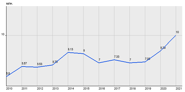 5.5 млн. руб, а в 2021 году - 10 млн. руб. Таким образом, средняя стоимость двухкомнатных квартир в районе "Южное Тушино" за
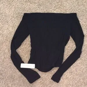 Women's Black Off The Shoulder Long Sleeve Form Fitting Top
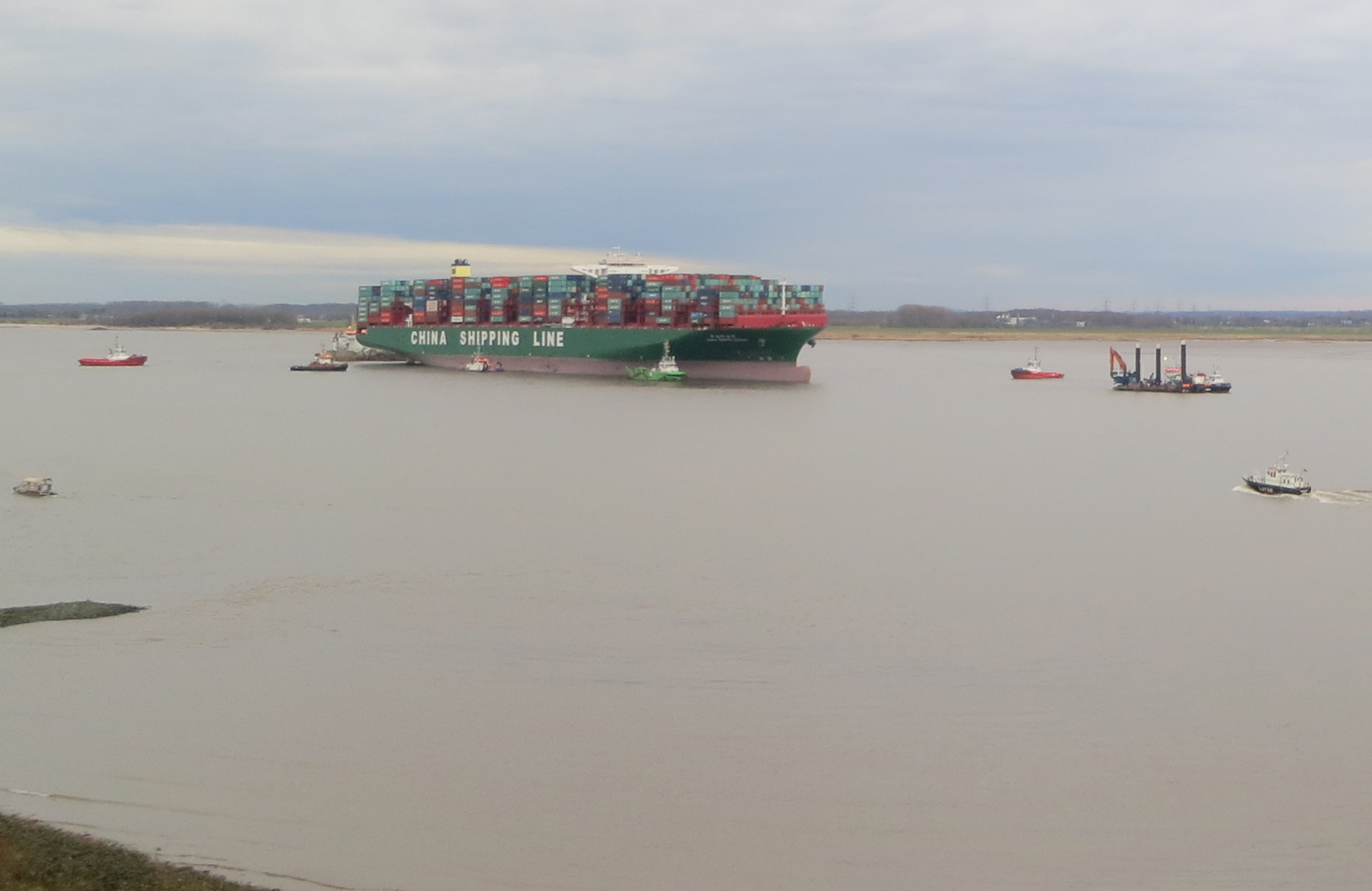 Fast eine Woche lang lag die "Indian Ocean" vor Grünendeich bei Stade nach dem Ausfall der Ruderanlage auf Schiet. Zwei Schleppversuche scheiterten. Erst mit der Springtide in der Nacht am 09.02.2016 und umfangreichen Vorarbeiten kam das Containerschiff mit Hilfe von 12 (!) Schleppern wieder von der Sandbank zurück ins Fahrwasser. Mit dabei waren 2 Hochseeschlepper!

* * *

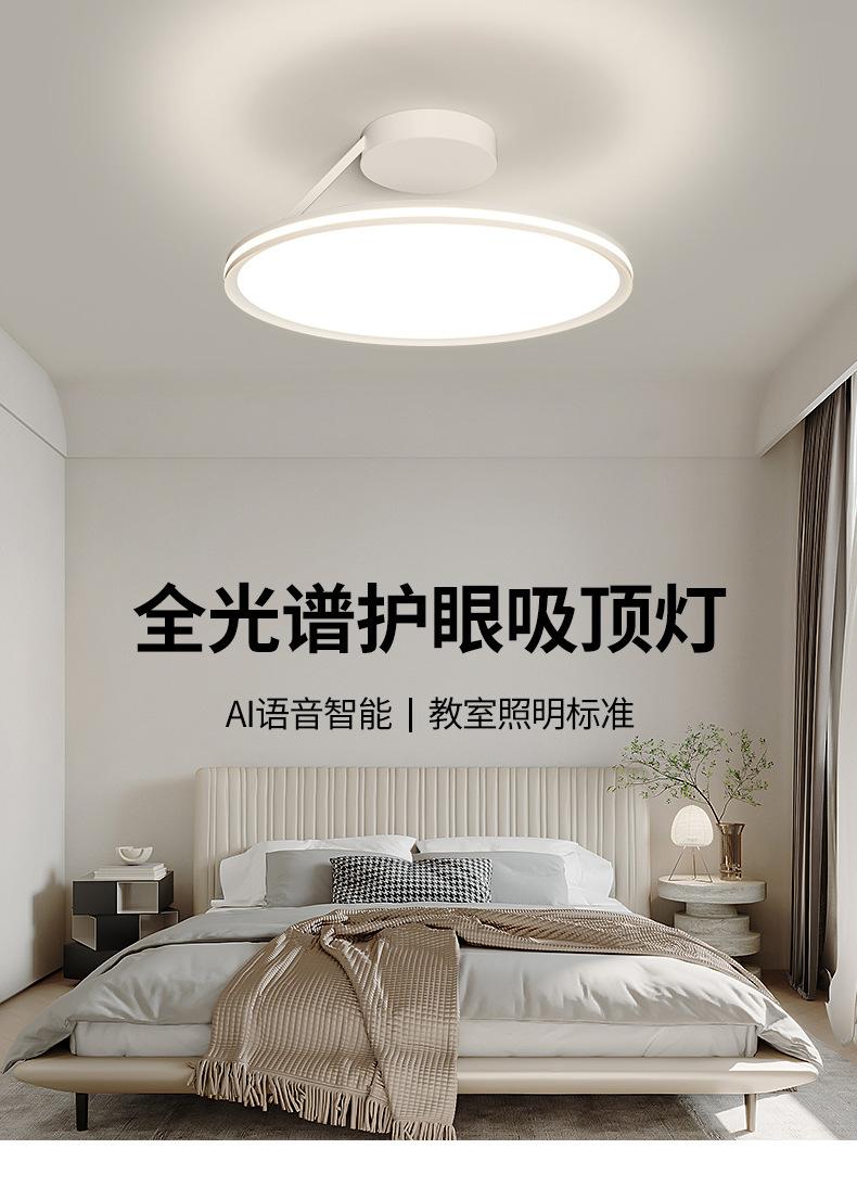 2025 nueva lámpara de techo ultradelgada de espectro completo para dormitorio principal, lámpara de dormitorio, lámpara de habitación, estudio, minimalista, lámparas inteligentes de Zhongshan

---

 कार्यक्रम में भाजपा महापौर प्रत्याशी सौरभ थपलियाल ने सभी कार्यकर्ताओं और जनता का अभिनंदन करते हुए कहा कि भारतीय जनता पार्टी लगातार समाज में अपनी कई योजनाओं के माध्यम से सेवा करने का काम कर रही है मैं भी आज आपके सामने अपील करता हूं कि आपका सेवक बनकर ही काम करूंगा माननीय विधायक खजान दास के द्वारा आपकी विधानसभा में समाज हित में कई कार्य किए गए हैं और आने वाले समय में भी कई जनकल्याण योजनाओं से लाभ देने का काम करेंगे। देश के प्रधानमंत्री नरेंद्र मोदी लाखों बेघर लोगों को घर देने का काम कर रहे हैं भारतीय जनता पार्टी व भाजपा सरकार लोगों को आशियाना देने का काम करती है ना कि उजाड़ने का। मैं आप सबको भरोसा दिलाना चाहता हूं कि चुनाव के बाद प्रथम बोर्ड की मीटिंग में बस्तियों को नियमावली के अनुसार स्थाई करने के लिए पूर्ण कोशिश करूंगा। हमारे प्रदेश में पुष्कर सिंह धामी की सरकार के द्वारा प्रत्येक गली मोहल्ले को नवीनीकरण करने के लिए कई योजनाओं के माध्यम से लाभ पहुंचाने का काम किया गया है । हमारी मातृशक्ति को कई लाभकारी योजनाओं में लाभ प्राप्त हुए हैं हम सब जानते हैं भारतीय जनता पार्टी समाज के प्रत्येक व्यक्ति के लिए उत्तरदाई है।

## TASK TO COMPLETE
When you reach the line with "5.5 млн. руб, а" in the records above, begin repeating the lines exactly, and stop after the line with "Fast eine Woche". Skip all pictures.

## SOLUTION
 5.5 млн. руб, а в 2021 году - 10 млн. руб. Таким образом, средняя стоимость двухкомнатных квартир в районе "Южное Тушино" за
 Women's Black Off The Shoulder Long Sleeve Form Fitting Top
 Fast eine Woche lang lag die "Indian Ocean" vor Grünendeich bei Stade nach dem Ausfall der Ruderanlage auf Schiet. Zwei Schleppversuche scheiterten. Erst mit der Springtide in der Nacht am 09.02.2016 und umfangreichen Vorarbeiten kam das Containerschiff mit Hilfe von 12 (!) Schleppern wieder von der Sandbank zurück ins Fahrwasser. Mit dabei waren 2 Hochseeschlepper!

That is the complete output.